1. A standard 96-well microplate containing 200 µL of LB media and the desired antibiotic was inoculated from single colonies. A non-fluorescent cell culture was also inoculated. The cultures were allowed to grow overnight at 37 C at 250 rpm until an OD of 2.0 was reached.

Note: Only the inner 60 wells are used for measurement because the outer wells can have media evaporate and this would affect the results. The outer wells were filled with blank media to prevent this from happening to inner wells.

2. A fresh 96-well transparent, flat bottom microplate wwas filled with 198 µL M9 minimal media. Microplate wells were inoculated by overnight cultures using a 1:100 dilution.

3. The new microplate was placed inside the spectrophotometer and incubated at 37 C at 250 rpm.

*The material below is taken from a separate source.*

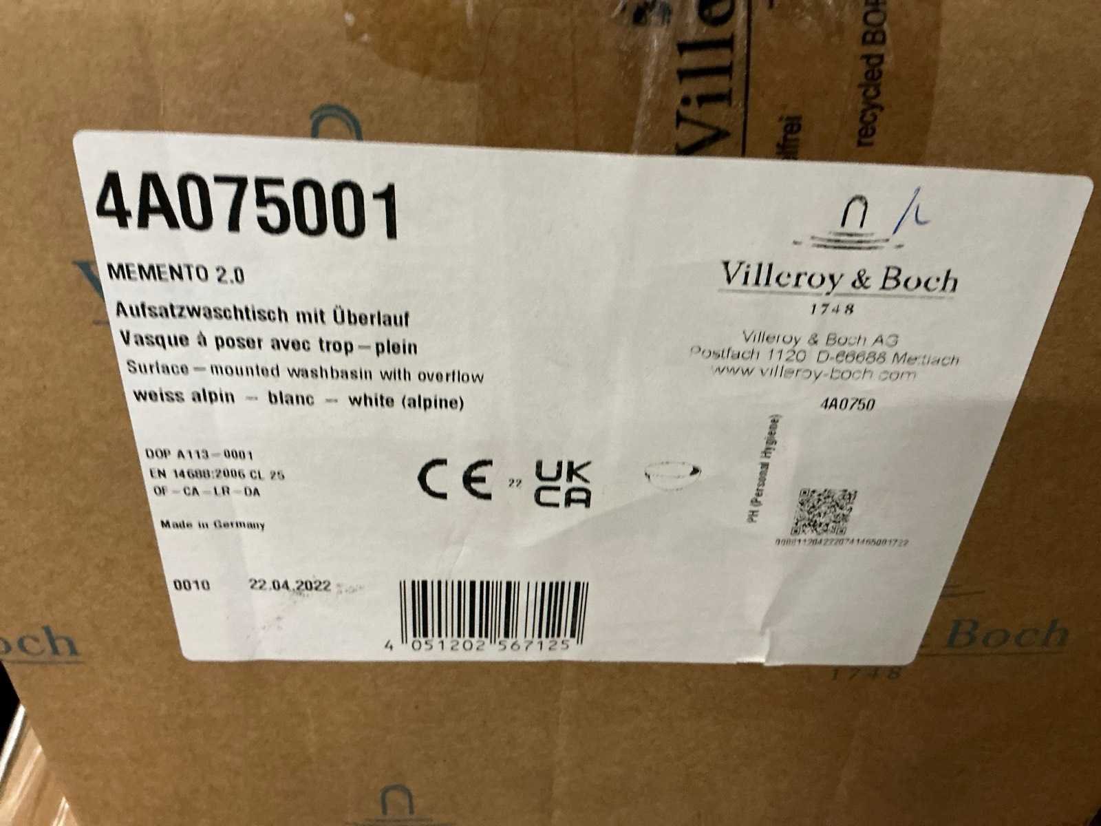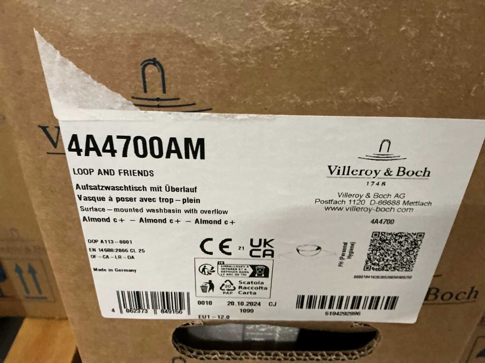 Bestaande uit 5 wastafels en een supportframe. Merk: Villeroy&Boch

4. When a culture reached an OD between 0.15 and 0.20, 10-20µL samples of each culture were transferred to a fresh, transparent, flat bottom microplate containing 180-190µL of pre-warmed M9 mediate and the selective antibiotic.

5. This microplate was placed inside the TECAN and incubated at 37 C at 250 rpm.

6. An additional 10 µL of the media of each culture in the old TECAN plate was transferred to a round-bottom microplate that contained 190 µL PBS and 2 mg/mL kanamycin for flow cytometry measurements.

7. Steps 4-6 were repeated until a sufficient amount of data was collected about the protein expression level. This was typically done 3-4 times which results in a total time of 24-36 hours for this experiment.